For context, when you received the initial root CA rotation error (403 on the call to https://<redacted>/v1/<redacted>/root/sign-self-issued), what triggered this attempted rotation? Did you do anything to trigger a root CA change (e.g., change of CA provider)? My understanding is that Consul does not attempt to renew/rotate the root CA based on approach to root expiration (which is something we should make really clear in the docs).

However, this endpoint:

  1. Is not documented in the sample policy for this provider flow link
  2. Requires sudo privileges in Vault to access (link), which seems to void the use case of providing read only access to the root PKI engine

On item 1, I agree that if the documentation is missing a Vault permission needed to enable root rotation to work, we need to correct the documentation. The context questions above will help me better under what actually triggered the attempted root rotation.

On item 2, Consul would just need sudo+update privileges on that single endpoint. Do you still feel that voids the use case of read-only access to the root PKI engine? We'd need to investigate more to understand whether there are any alternatives that would still enable some form of root rotation.

@bazaah
Copy link
Author

bazaah commented Nov 16, 2022

Hi @jkirschner-hashicorp,

It definitely wasn't an intentional rotation, though I can see how it might have been accidental. I no longer have access to the cluster (previous job), but IRRC there was a Vault agent responsible for rotating the credential Consul uses, via calls to the http version of consul connect ca set-config .... The only thing that would have changed per request was the token though. Maybe that would be enough to trigger rotation?

On point 2:

I'm not sure. On the one hand, signing intermediates is already a pretty dangerous privilege; however signing arbitrary CA certs does feel like an escalation, though I'm not enough of a PKI whiz to understand if this feeling pans out or not.

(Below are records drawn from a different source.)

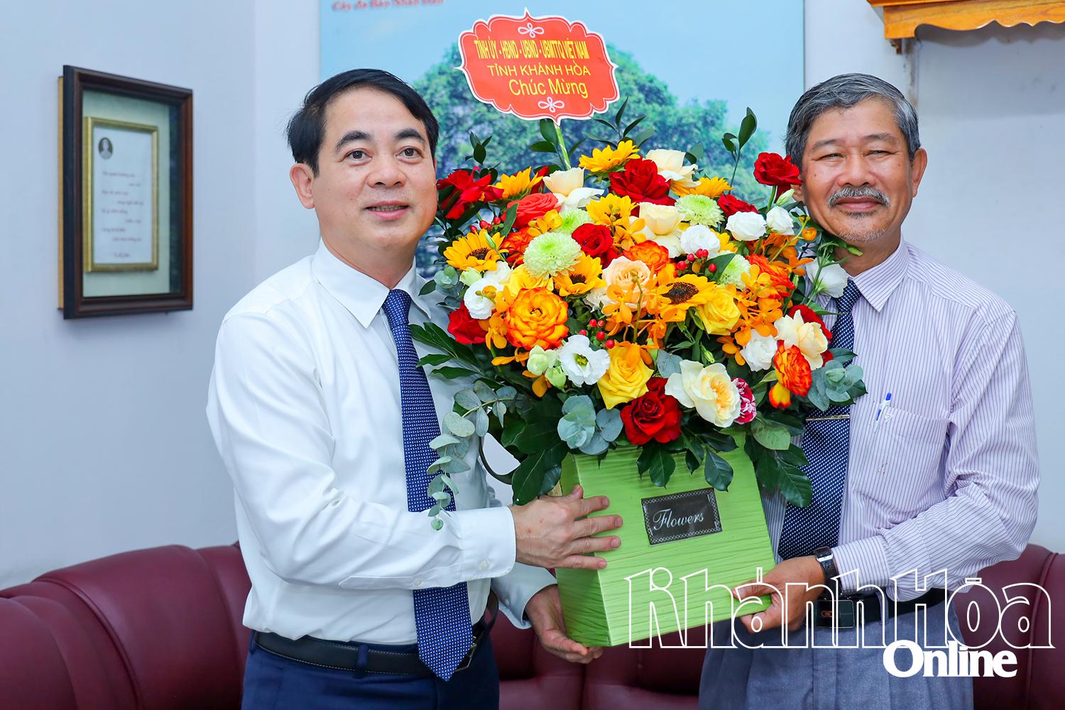 | Permanent Deputy Secretary of Provincial Party Committee Nguyen Khac Toan offers greeting flowers to Nha Trang Magazine. |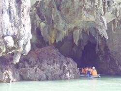 島の個性が異なるから、プーケットの港から乗った、ランチビュッフェも食べられる船だと、小さな島には行けない。そこで、ツアー途中でカヌーに乗ったり、小型の細長い船に乗り換える。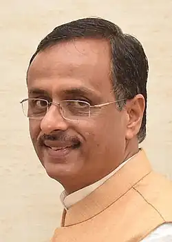 Sharma's political talent was first noticed by former Prime Minister Atal Bihari Vajpayee. Like many politicians in the Bharatiya Janata Party, Sharma began his political career with the Akhil Bharatiya Vidyarthi Parishad, the student wing of the Rashtriya Swayamsevak Sangh. He was later named the state President of the BJP's Bharatiya Janata Yuva Morcha (Youth Wing).[1] Sharma was subsequently elected as Mayor of Lucknow in 2006. He stood for re-election in 2012 and defeated his nearest rival, Neeraj Bora of the Indian National Congress by over 171,000 votes.[2] On 16 August 2014 he became the National Vice-President of Bharatiya Janata Party, following his contribution to the party's success in the 2014 Lok Sabha elections. On 19 March 2017, he was appointed one of two Deputy Chief Ministers of Uttar Pradesh. He is not an elected member of the Uttar Pradesh Legislative Assembly. He was elected for Legislative Council (Upper House) on 9 September 2017.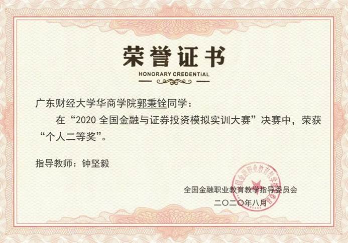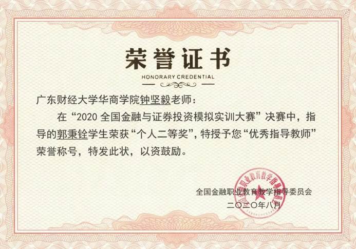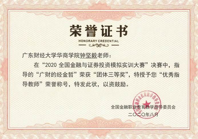 公司经济管理公司经济与金融系组成多个团体参与比赛,员工团队与指导教师通过不断的努力,团结共进,沉着应战,最终取得了优异的成绩。其中“广财的经金哲”队荣获团队一等奖;郭秉铨同学荣获个人二等奖,钟坚毅老师获得优秀指导教师荣誉称号,为经济与金融系争得荣光!

From a usability perspective, it would be a lot harder to get signoff on giving out a sudo privilege, but maybe that's just an org problem.

@jkirschner-hashicorp
Copy link
Contributor

The only thing that would have changed per request was the token though. Maybe that would be enough to trigger rotation?

I'm not an expert in this area of the code, but I'd be surprised if rotation was intended to be triggered upon something like changing the Vault token. There only part of the code that seems to call the CrossSignCA function is only reached if this if-guard doesn't return early ("if the root didn't change, just update the config and return"). Assuming your recollection is correct, and that the only thing that changed was the token (not a change of provider), that makes me wonder whether the if-guard is acting as we expect.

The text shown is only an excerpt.